Claudsies More than 1 year ago
I have been waiting over four years for another Mallory book. After the very good "Find Me," I thought our adventures with Mallory were over. I was so happy to find "Chalk girl." As always, O'Connell weaves a complex mystery, getting the reader involved in the story. The main mystery involves a little girl named Coco whose 'uncle' is taken up by a tree. The mystery deepens, as other characters, past and present, are introduced. The chapters begin brilliantly with a wonderful insight into the mind of a young boy, making the reader aware of the dear boy's importance. The book is deliciously gory, filled with rats, hanging bodies and brutality, but it also (like Mallory) has a heart. The ending, as usual, gave me much to think about and made move love the characters (Charles, Riker, Mallory, even Heller) that much more. I really can't wait until the next Mallory novel. Our girl Mallory is not for everyone. However, if a reader gives her an opportunity, she will steal the reader's heart. Begin with "Mallory's Oracle," thought, to truly understand the wonder of Mallory.

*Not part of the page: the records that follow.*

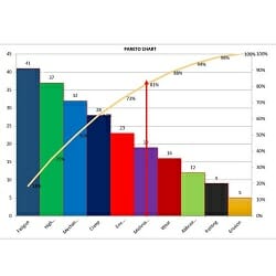 Pareto charts help people decide which problems to solve first. They are useful for identifying the most frequent outcome of a categorical variable. Learn how to transform data into actionable insight by creating a bar graph using the Pareto Principle 80/20 rule.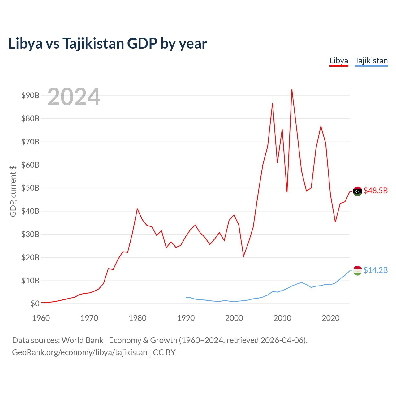 Libya has a GDP of $48.5B compared to $14.2B for Tajikistan, ranking 95/197 and 145/197 by economy size, respectively.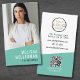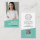 Affärskort för Lodrät av Modern Professionell för fotot-Logotyp QR-kod. Affärskortet för det moderna lodrät är idealiskt för företagsägare, småföretagsägare, frilansare och konsulter som vill ha en ren och polerad utformning. Den nuvarande utformningen visar ett bedövande teal- eller turkossystem i färg, som skapar ett färskt och professionell estetiskt system. Framsidan belyser ditt foto, din logotyp, namn och titel eller ditt företag namn, som erbjuder en personlig men ändå en elegant presentation. Baksidan innehåller din kontaktinformation, en skannerbar QR-kod för snabbnätverk och medieikoner i social med frasen "Anslut med oss!" för sömlös förlovning. Du kan enkelt anpassa vilken som helst av färg för att matcha ditt varumärke eller ditt eget stil, och skapar det unikt. Oavsett om du behållor de pulserande färgtonerna eller väljer en ny palett, garanterar kortets feta typografi och minimalistiska utformning en contemporary som passar vilket yrke som helst. Gör det till ditt eget i dag för ett utmärkt intryck!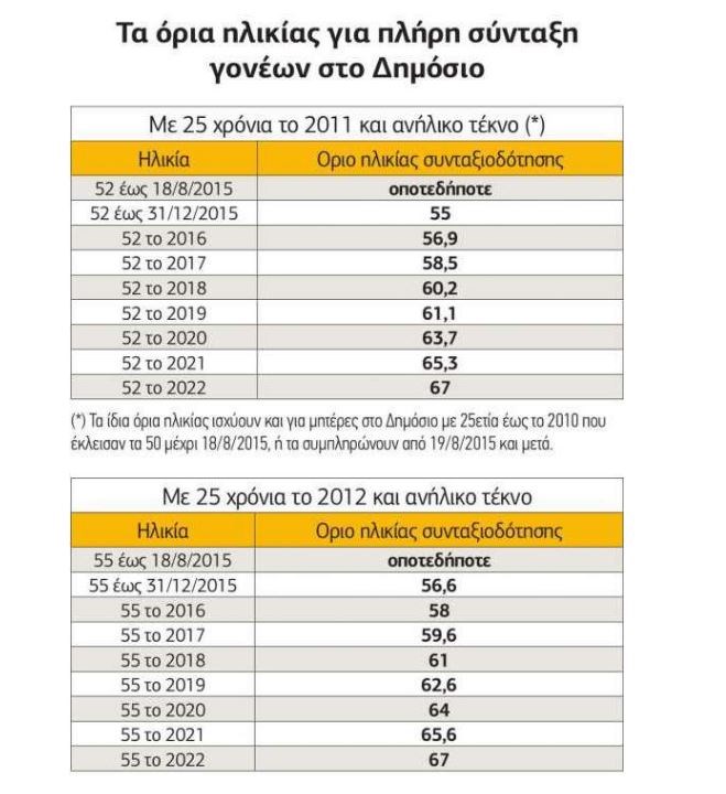 Οι γονείς δημόσιοι υπάλληλοι που έχουν τα 25 έτη έως το 2012 με ανήλικο παιδί, καθώς και όσοι απέκτησαν παιδί από το 2013 και μετά (με 25ετία όμως έως το 2012) συνταξιοδοτούνται με τα όρια ηλικίας που ισχύουν όταν συμπληρώσουν τα 50, 52 και 55, ως εξής: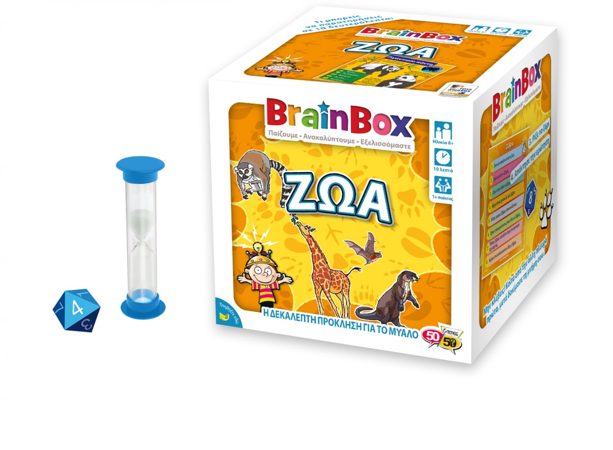 Εξερεύνησε το ζωικό βασίλειο με τον πιο διασκεδαστικό τρόπο! Διάλεξε μια κάρτα μέσα από το BrainBox. Αναποδογύρισε την κλεψύδρα και προσπάθησε να τη μάθεις απ'έξω μέσα σε 10 δευτερόλεπτα! Τώρα ρίξε το ζάρι και απάντα στην αντίστοιχη ερώτηση. Αν απαντήσεις σωστά κρατάς την κάρτα, αν απαντήσεις λάθος βάζεις την κάρτα και πάλι μέσα στο BrainBox.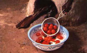 19. Et nous les plongeons aussitôt dans de l'eau froide pendant quelques minutes. L'eau froide après l'eau bouillante aide la peau à se décoller.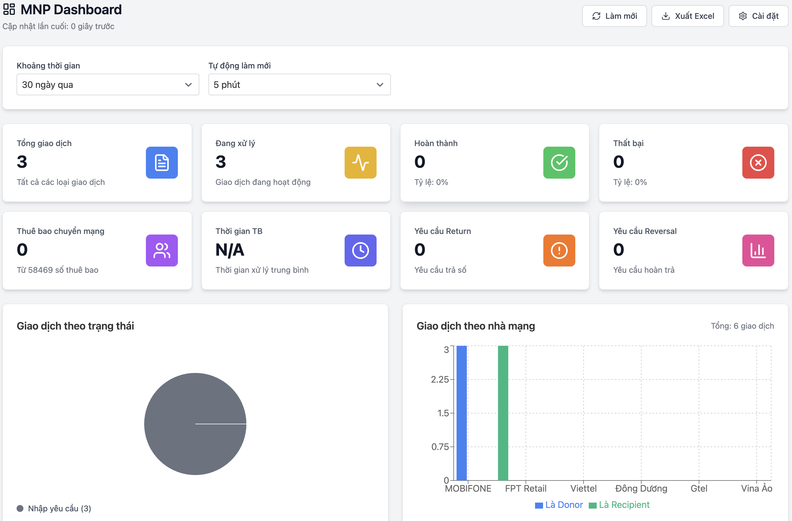 Hệ thống quản lý phía nhà mạng: tạo & theo dõi NPR, đồng bộ với lớp gateway, tìm kiếm theo số, trạng thái, bản ghi; quản lý thuê bao, lịch sử; xử lý ngoại lệ dạng trả số, hoàn tác; đồng bộ dữ liệu với NPC/điều hành; xem log request/response & phân tích thời gian. Dashboard: tổng giao dịch, phân bổ trạng thái, cảnh báo vượt SLA, xuất dữ liệu phục vụ vận hành. Phân quyền theo vai trò (RNO, DNO, nội bộ).

Anonymous More than 1 year ago
I always anxiously await the latest installment in this series and have yet to be disappointed. It's never really about the plot but more akin to looking in on old friends. O'Connell has created characters who are perfectly flawed; the not-quite sociopathic Mallory and the men who love her. What should be a quirky little mystery series is so much more; there is unexpected depth in these stories, and always, in the end, a trace of hope.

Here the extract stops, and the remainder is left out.